_WORK REQUEST:_
Give back exactly the lines starting at the one with "Черный гендерный гигант" and ending at the last line of the data below. Pictures are not part of the copy.

_DATASET SECTION:_
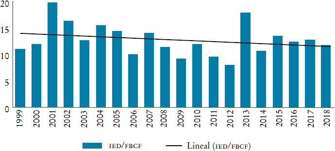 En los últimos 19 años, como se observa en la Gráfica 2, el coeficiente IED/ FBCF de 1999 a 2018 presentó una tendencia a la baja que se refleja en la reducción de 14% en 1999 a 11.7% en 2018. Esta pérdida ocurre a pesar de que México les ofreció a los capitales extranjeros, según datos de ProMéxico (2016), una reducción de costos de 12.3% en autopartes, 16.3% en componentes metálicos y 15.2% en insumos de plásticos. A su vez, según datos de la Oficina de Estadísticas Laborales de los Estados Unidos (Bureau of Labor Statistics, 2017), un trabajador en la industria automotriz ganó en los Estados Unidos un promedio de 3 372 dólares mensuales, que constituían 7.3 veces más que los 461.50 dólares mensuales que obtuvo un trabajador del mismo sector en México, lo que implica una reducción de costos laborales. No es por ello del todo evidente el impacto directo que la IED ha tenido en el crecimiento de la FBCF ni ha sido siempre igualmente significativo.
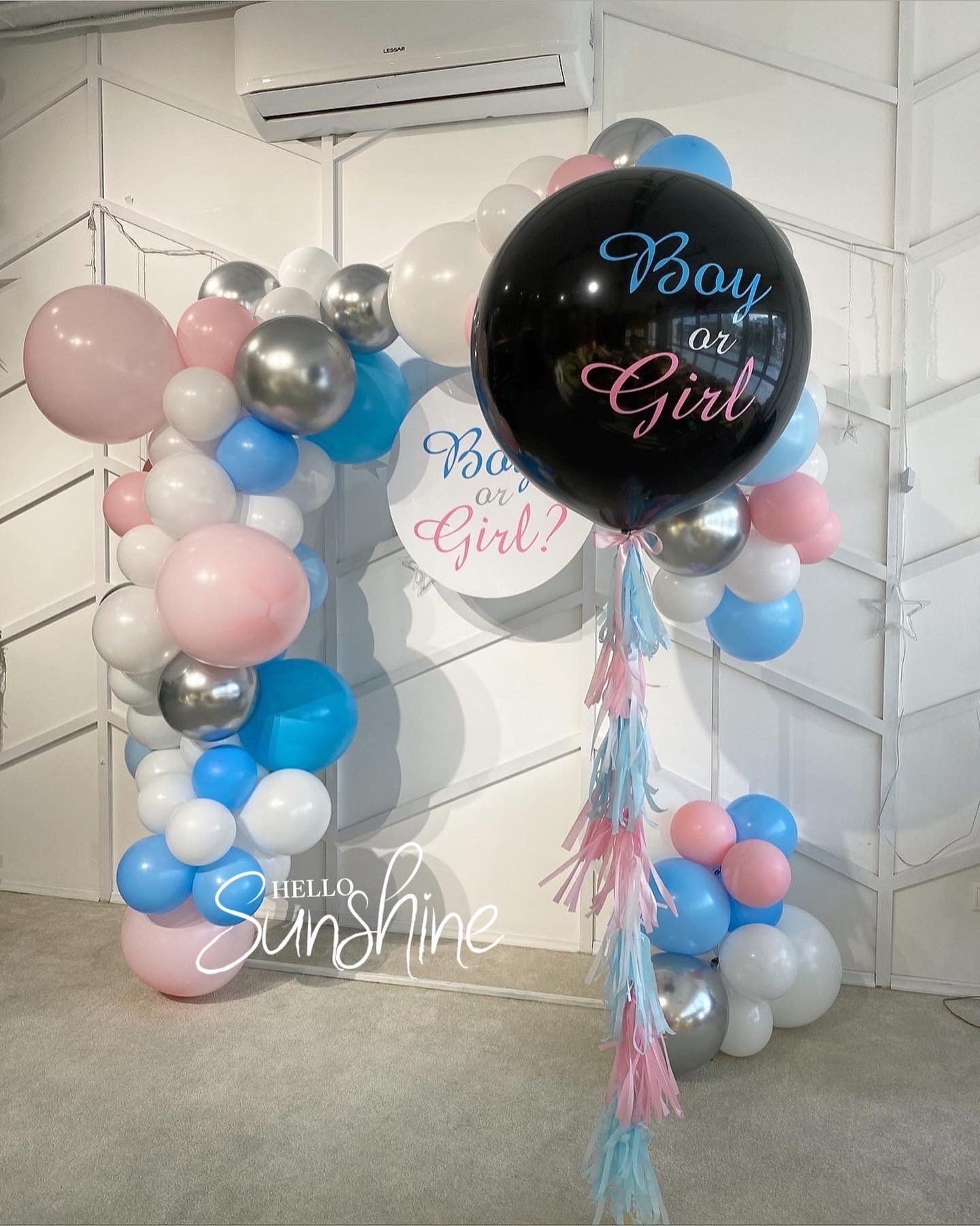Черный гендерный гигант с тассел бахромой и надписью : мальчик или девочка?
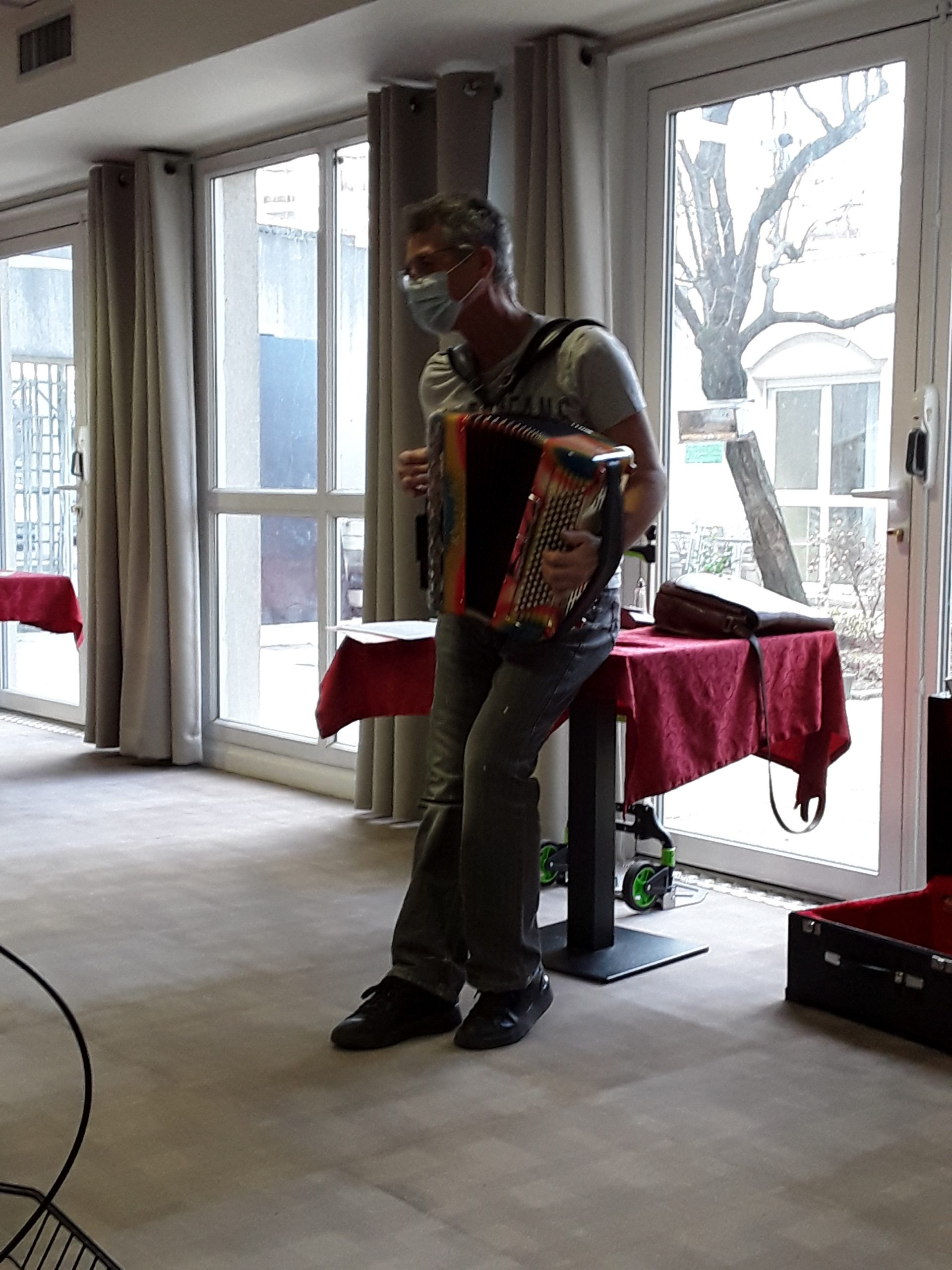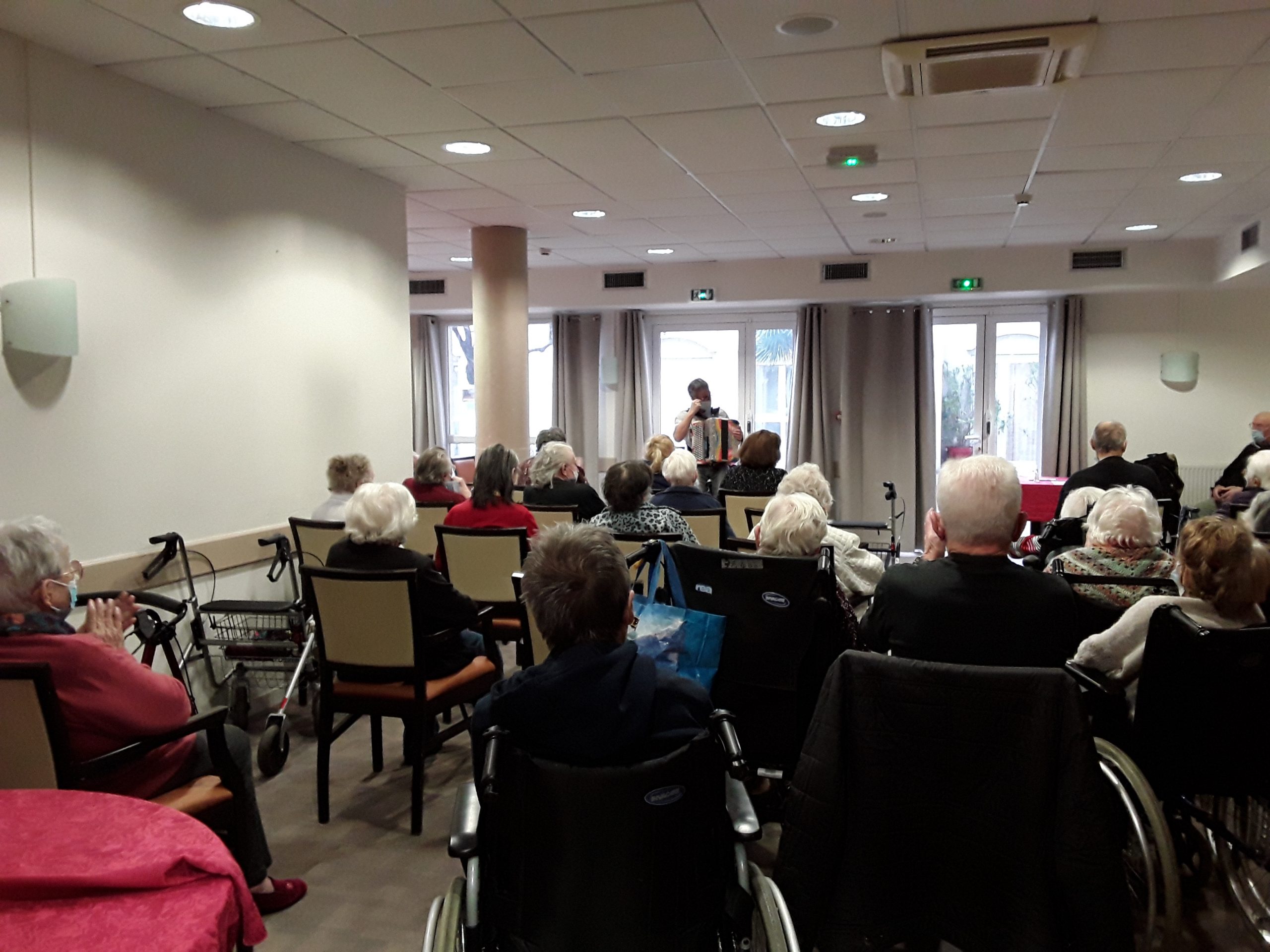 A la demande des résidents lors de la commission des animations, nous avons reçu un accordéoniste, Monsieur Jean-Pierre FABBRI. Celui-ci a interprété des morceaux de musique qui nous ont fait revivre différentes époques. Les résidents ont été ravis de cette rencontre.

_COMPLETED TASK:_
Черный гендерный гигант с тассел бахромой и надписью : мальчик или девочка?
 A la demande des résidents lors de la commission des animations, nous avons reçu un accordéoniste, Monsieur Jean-Pierre FABBRI. Celui-ci a interprété des morceaux de musique qui nous ont fait revivre différentes époques. Les résidents ont été ravis de cette rencontre.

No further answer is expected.